The problem is that even though it works, there is quite a bit of overhead before I can get my function and precision is expensive.
My other idea was to interpolate f
by a spline and take the antiderivative of that, however this introduces numerical errors that are too big for what I want to use the function.
Is there any better way to do that? By better I mean faster without sacrificing accuracy.
Edit: What I hope is possible is to use some kind of Fourier transform to avoid integrating twice. I hope that there is some convenient transform of vs
that allows to multiply the values component-wise with xs
and transform back to get the double antiderivative. I played with this a bit, but I got lost.
Edit: I figured out that by using the trapezoidal rule instead of a naive sum, increases the accuracy quite a bit. Using Simpson's rule should increase the accuracy further, but it's somewhat fiddly to do with numpy arrays.
Edit: As @user202729 rightfully complains, this seems off. The reason it seems off is because I have skipped some details. I explain here why what I say makes sense, but it does not affect my question.
My actual goal is not to find the double antiderivative of f
, but to find a transformation of this. I have skipped that because I think it only confuses the matter.
The function f
decays exponentially as x approaches 0 or infinity. I am minimizing the numerical error in the integration by starting the sum from 0 and going up to approximately the peak of f
. This ensure that the relative error is approximately constant. Then I start from the opposite direction from some very big x and go back to the peak. Then I do the same for the antiderivative values.
Then I transform the aavs
by another function which is sensitive to numerical errors. Then I find the region where the errors are big (the values oscillate violently) and drop these values. Finally I approximate what I believe are good values by a spline.

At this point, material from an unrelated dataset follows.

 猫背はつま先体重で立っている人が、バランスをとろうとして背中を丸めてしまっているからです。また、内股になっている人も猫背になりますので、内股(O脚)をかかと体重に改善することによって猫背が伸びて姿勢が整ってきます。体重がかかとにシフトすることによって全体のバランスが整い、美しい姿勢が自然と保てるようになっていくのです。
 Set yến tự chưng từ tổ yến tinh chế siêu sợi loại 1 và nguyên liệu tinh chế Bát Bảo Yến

Now if I use spline to approximate f
, it introduces an absolute error which is the dominant term in a rather large interval. This gets "integrated" twice and it ends up being a rather large relative error in aavs
. Then once I transform aavs
, I find that the 'good region' has shrunk considerably.

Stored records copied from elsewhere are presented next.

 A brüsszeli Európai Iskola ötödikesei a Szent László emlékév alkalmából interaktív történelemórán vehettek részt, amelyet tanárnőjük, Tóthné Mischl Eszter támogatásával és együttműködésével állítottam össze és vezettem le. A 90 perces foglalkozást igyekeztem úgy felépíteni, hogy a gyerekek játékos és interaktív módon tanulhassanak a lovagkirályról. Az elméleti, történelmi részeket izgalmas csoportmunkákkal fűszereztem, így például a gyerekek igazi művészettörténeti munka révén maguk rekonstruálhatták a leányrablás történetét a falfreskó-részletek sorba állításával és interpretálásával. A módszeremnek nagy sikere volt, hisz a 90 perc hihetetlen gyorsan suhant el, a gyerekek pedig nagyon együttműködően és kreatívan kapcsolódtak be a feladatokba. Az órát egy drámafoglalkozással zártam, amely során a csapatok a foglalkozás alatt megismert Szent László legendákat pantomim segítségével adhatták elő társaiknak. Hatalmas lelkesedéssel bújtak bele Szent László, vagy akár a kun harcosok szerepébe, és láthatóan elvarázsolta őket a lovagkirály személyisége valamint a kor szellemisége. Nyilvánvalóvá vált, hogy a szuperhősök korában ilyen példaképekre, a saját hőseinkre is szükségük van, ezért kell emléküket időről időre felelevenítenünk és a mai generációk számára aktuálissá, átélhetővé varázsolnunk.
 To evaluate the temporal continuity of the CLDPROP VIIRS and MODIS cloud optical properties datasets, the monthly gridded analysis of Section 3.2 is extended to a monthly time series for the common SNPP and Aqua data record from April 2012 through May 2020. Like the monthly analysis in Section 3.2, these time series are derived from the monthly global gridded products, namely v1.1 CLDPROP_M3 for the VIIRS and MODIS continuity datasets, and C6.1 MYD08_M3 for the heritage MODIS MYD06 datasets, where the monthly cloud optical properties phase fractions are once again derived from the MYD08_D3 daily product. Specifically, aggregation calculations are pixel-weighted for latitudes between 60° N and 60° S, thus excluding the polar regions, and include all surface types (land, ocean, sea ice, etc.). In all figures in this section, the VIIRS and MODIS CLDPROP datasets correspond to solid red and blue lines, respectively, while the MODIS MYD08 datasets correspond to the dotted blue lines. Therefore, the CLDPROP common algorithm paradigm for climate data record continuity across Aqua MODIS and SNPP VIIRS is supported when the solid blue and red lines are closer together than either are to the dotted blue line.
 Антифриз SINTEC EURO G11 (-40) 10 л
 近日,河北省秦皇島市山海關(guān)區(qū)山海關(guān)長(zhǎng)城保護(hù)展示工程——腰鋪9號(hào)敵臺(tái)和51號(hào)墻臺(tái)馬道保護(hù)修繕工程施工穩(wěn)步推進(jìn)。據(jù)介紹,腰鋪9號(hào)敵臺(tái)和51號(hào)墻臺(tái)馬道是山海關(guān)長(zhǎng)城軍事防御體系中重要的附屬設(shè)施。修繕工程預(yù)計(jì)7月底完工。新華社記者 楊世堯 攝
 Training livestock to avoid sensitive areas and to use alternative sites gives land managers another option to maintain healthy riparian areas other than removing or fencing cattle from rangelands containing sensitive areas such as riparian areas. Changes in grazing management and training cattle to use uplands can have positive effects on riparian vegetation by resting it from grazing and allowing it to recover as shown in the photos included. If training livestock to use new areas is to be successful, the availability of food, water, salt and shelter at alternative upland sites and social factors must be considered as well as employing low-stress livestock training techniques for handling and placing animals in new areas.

EDIT: The actual form of f
is something I'm still looking into. However, it is going to be a generalisation of the lognormal distribution. Right now I am playing with the following family.

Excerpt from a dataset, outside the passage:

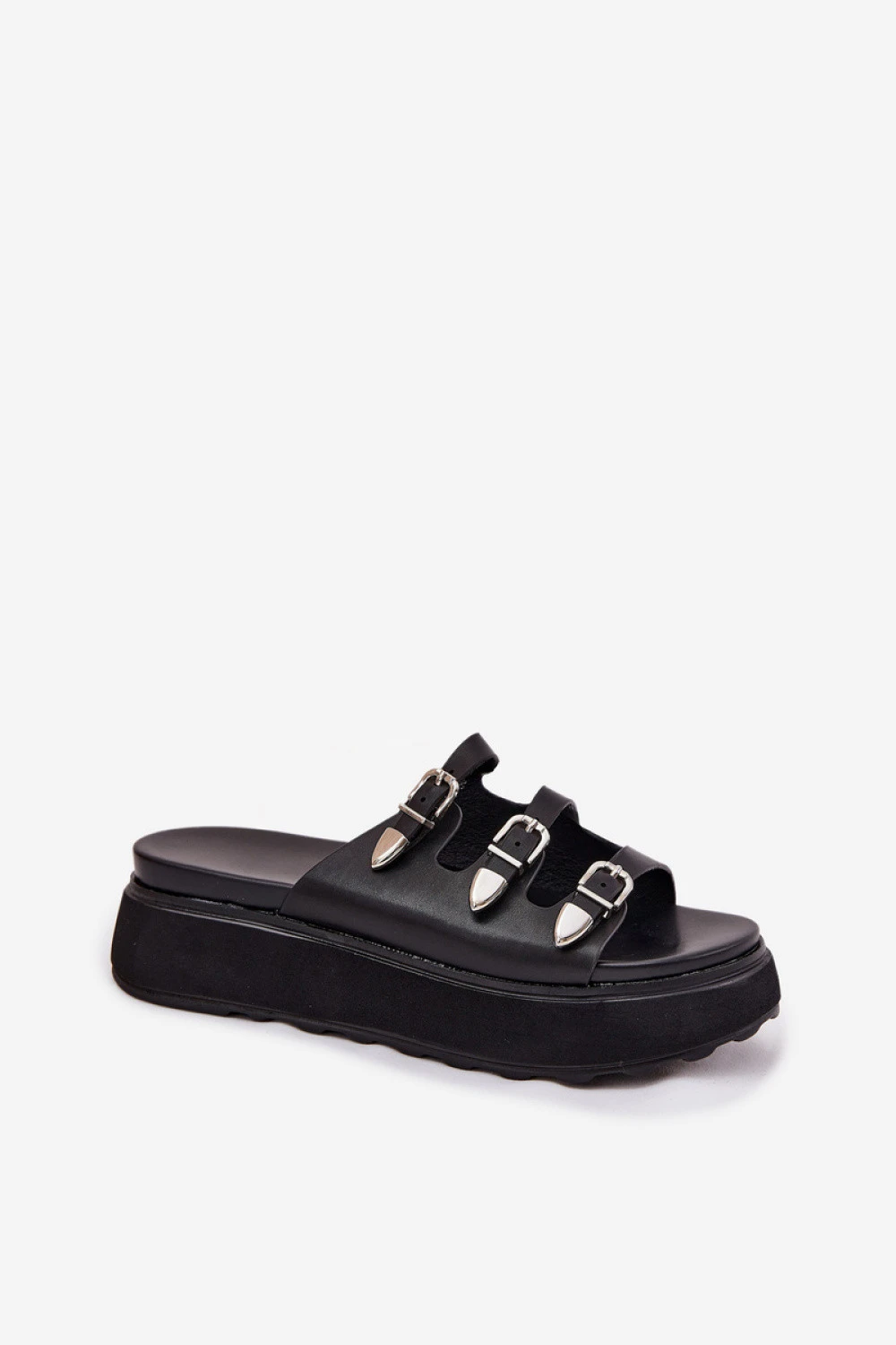 Dámské sandály z ekokože, osazené na platformě, jsou spojením pohodlí a stylu. Model se vyznačuje třemi tenkými, nastavitelnými pásky s přezkami, které umožňují ideální přizpůsobení k noze. Měkká stélka zajišťuje pohodlí po celý den a moderní design zajišťuje, že sandály skvěle ladí s letními styly. Ideální na každý den, spojují funkčnost s módním vzhledem.

I start by defining a generalization of the normal distribution:
def pdf_n(params, center=0.0, slope=8):
scale, min, diff = params
if diff > 0:
r = min
l = min + diff
else:
r = min - diff
l = min
def retfun(m):
x = (m - center)/scale
E = special.expit(slope*x)*(r - l) + l
return np.exp( -np.power(1 + x*x, E)/2 )
return np.vectorize(retfun)
It may not be obvious what is happening here, but the result is quite simple. The function decays as exp(-x^(2l)) on the left and as exp(-x^(2r)) on the right. For min=1 and diff=0, this is the normal distribution. Note that this is not normalized. Then I define
g = pdf(params)
f = np.vectorize(lambda x:g(np.log(x))/x/area)
where area
is the normalization constant.
Note that this is not the actual code I use. I stripped it down to the bare minimum.